1. The problem statement, all variables and given/known data
Two identical particles, each of mass m, are located on the x axis at x = +x0 and x = -x0.

Determine a formula for the gravitational field due to these two particles for points on the y axis; that is, write $$\vec{g}$$ as a function of y, m, x0, and so on.
Express your answers in terms of the variables y, m, x0, and appropriate constants. Answer in the form gx,gy.

2. Relevant equations
$$\vec{g}=\frac{\vec{F}}{m}$$
$$\vec{g}=\frac{GM}{r^2}\hat{r}$$

3. The attempt at a solution
I'm really at a loss as to how to approach this problem. I would assume that, graphically, the y axis will be between the two particles and that we are trying to find the components of g in terms of the point on the y axis.

I suppose that in this frame we have a triangle with our particles on two corners and our point on the y axis at the third corner.
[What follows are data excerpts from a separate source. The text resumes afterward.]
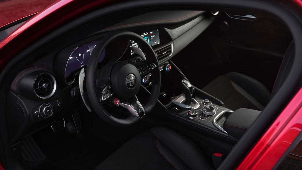 车内同样经过全面升级,营造出高性能房车应具备的热血氛围。仪表台、车门与中控区域均使用高质感皮革包覆,搭配红色缝线制造对比感。中控饰板换上碳纤维纹理,更凸显运动基因。座椅采用 Sparco 专属设计,融合皮革与 Alcantara 材质,并在头枕绣上限量编号,象征每台车辆的独一无二。整体座舱质感不仅比一般 Quadrifoglio 更豪华,也更具收藏意味。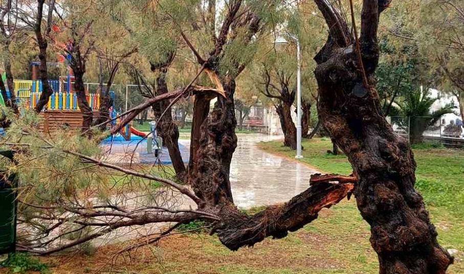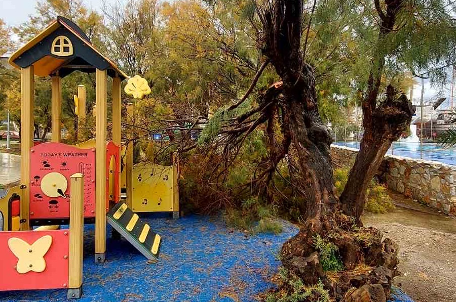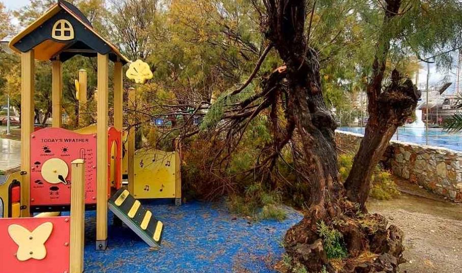 Σύρος: Κλειστή η παιδική χαρά στο Αθλητικό Κέντρο - Έσπασαν κλαδιά από δέντρα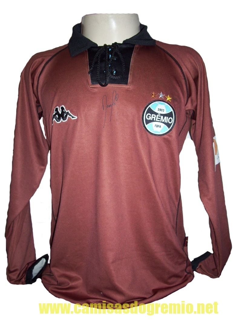 Comemorativa Eurico Lara, feita pela Kappa em 2003, ano do nosso centenário. A camisa abaixo, com o número 1 nas costas e o patch do Instituto do Câncer de Porto Alegre foi usada em jogo. Existem outras 2 versões desta camisa, todas em exibição aqui no blog.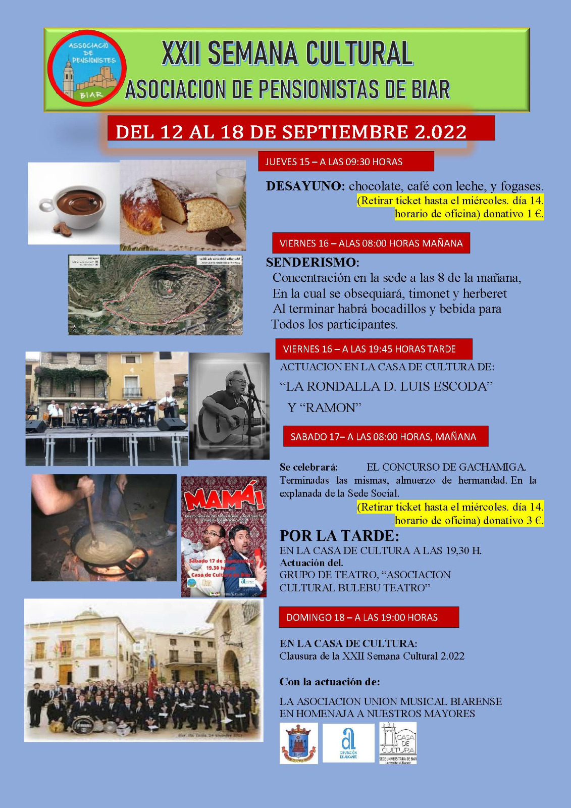 L’associació de pensionistes de Biar, celebra fins al dia 18 de setembre la XXII setmana cultural. Destaquem entre els dies del 16 al 18 de setembre activitats com a senderisme, actuació de la rondalla, esmorzar de germanor en el matí del dissabte degustant les típiques gatxamigues, teatre i ball, així com l’esperat homenatge als nostres majors.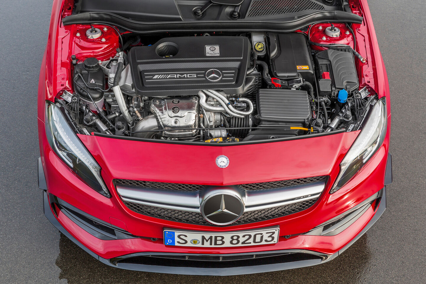 En Daimler se han puesto farrucos. Orgullosos de su A 45 AMG de 360 CV, potencia que colocaba a su motor de dos litros como uno de los que más sacaba por litro de cubicaje (de ahí que fuese destacado como uno de los mejores motores del año 2015).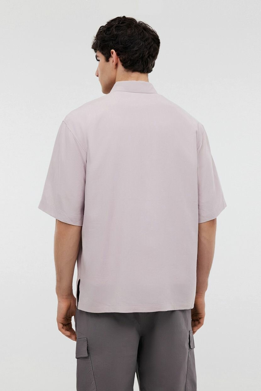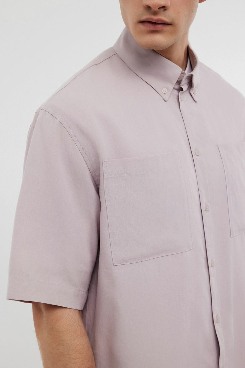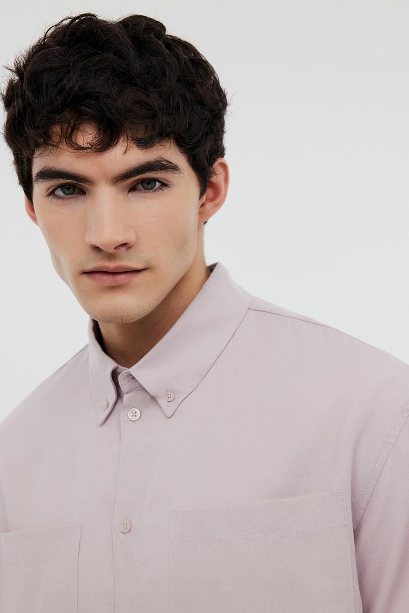 Рубашка полуприталенного классического силуэта в минималистичном дизайне станет комфортным и удобным решением на каждый день. Она уместно смотрится в расслабленных и деловых образах. Нагрудные карманы - функциональный элемент кроя. Компактные разрезы по низу боковых швов придают ношению напуск особый шарм. Изделие дополнено оригинальным воротником типа button-down, который особенно органично выглядит в неформальных аутфитах. Он фиксируется на пуговицы с двух сторон к основному полотну. Модель выполнена из смесового льна с вискозой. Пластичный приятный к телу материал является образцом комфорта и практичности. Сорочка с коротким рукавом - часть лимитированной коллекции WHY NOT? Ее концепция заключается во внедрении элегантных трендов в повседневный гардероб.

I'm still very unsure as to how gravitational fields work in cases like this, but here's what I attempted:

$$\vec{g}=\frac{\vec{F_1}}{m} + \frac{\vec{F_2}}{m}$$
$$\vec{g}=\frac{mG}{r^2_1}\hat{r_1} + \frac{mG}{r^2_2}\hat{r_2}$$
$$r^2_1=-x^2_0+y^2$$
$$r^2_2=x^2_0+y^2$$
$$\vec{g}=\frac{mG}{-x^2_0+y^2}\hat{r_1} + \frac{mG}{x^2_0+y^2}\hat{r_2}$$

At this point, assuming I haven't made a mistake (I doubt that I haven't) I don't know what to do. Could someone give me a hand and some explaining, please?
1. The problem statement, all variables and given/known data

2. Relevant equations

3. The attempt at a solution

2. Oct 9, 2008

### nasu

You are on the right track, kind of.

Correction:
r1^2= xo^2+y^2=r2^2

Then find the x and y components for each one of the two forces (or gravitational fields).